▸ Stored dataset items
━━━━━━━━
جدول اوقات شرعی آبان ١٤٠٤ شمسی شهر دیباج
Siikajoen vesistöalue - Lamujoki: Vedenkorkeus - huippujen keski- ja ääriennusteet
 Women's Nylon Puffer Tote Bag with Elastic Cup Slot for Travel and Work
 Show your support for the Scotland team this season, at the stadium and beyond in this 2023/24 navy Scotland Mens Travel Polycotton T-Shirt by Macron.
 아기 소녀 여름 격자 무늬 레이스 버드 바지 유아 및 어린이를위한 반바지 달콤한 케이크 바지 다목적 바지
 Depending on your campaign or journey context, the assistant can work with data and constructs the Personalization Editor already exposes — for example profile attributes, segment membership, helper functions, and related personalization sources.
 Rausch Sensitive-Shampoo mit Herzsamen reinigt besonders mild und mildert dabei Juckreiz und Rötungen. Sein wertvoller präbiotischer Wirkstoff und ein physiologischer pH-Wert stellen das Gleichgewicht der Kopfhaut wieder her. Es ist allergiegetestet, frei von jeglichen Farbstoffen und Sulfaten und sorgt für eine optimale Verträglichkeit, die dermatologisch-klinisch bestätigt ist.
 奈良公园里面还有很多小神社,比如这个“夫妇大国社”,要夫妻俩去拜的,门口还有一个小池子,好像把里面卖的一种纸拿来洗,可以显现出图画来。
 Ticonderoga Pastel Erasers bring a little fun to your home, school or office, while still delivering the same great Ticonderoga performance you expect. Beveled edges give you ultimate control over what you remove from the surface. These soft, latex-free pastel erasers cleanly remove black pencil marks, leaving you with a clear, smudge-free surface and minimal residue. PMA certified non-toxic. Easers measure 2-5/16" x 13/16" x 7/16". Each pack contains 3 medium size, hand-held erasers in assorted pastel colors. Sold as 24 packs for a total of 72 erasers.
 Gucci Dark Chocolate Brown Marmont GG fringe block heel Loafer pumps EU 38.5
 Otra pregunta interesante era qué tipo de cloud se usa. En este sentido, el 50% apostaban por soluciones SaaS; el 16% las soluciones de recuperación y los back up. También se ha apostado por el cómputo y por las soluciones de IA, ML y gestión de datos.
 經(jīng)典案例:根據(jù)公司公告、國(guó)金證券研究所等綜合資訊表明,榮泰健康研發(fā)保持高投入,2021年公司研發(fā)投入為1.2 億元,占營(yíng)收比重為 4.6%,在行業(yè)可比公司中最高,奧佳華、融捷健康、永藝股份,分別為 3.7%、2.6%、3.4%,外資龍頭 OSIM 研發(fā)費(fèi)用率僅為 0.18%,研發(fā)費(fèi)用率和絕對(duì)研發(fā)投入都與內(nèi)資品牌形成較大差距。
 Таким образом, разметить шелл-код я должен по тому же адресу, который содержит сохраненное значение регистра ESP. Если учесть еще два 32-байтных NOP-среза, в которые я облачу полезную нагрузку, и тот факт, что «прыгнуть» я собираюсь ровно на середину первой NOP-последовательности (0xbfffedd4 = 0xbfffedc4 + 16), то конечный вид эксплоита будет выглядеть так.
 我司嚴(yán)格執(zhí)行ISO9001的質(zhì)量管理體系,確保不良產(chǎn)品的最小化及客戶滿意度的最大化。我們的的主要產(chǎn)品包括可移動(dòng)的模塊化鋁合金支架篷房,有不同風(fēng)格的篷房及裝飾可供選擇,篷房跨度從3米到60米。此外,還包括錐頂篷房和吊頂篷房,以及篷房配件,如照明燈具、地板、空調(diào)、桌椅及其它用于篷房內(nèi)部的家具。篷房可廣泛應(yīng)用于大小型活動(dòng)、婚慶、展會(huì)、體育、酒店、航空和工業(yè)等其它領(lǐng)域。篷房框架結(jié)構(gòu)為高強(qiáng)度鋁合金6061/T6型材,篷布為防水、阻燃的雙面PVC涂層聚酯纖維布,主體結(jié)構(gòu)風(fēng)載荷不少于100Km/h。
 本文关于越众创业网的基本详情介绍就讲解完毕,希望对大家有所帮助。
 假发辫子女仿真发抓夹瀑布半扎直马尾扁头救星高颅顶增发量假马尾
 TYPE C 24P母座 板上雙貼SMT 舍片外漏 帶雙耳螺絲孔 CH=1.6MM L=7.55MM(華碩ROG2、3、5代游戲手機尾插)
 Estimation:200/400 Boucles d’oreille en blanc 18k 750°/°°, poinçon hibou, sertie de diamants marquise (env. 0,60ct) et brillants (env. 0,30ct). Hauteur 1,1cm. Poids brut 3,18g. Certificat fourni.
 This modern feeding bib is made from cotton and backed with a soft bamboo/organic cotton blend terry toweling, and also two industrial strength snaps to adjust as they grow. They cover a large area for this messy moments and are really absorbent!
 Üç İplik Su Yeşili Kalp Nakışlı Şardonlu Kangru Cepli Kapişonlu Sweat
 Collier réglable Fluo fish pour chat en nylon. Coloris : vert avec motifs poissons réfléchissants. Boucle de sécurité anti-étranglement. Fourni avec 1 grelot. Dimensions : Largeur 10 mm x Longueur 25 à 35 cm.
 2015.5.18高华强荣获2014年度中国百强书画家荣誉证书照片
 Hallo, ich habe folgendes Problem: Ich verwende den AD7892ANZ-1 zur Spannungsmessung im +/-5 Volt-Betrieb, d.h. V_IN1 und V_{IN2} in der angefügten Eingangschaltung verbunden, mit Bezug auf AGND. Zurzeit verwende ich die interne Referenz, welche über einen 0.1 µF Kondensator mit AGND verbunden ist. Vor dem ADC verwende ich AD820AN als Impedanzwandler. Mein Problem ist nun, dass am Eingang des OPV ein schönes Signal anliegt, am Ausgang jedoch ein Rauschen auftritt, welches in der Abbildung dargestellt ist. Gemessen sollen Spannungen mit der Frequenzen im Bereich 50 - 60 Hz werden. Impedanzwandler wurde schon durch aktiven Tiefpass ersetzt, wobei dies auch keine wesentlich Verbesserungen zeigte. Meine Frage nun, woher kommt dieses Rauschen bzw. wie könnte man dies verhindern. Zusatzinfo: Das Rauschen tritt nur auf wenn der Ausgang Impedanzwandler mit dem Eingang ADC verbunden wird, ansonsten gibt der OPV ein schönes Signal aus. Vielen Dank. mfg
━━━━━━━━
▸ Task requirements
Will you return exactly the lines above from the one with "假发辫子女仿真发抓夹瀑布半扎直马尾扁头救星高颅顶增发量假马尾" down to the one with "Üç İplik Su", counting both as part of the range?

▸ Answer to this problem
 假发辫子女仿真发抓夹瀑布半扎直马尾扁头救星高颅顶增发量假马尾
 TYPE C 24P母座 板上雙貼SMT 舍片外漏 帶雙耳螺絲孔 CH=1.6MM L=7.55MM(華碩ROG2、3、5代游戲手機尾插)
 Estimation:200/400 Boucles d’oreille en blanc 18k 750°/°°, poinçon hibou, sertie de diamants marquise (env. 0,60ct) et brillants (env. 0,30ct). Hauteur 1,1cm. Poids brut 3,18g. Certificat fourni.
 This modern feeding bib is made from cotton and backed with a soft bamboo/organic cotton blend terry toweling, and also two industrial strength snaps to adjust as they grow. They cover a large area for this messy moments and are really absorbent!
 Üç İplik Su Yeşili Kalp Nakışlı Şardonlu Kangru Cepli Kapişonlu Sweat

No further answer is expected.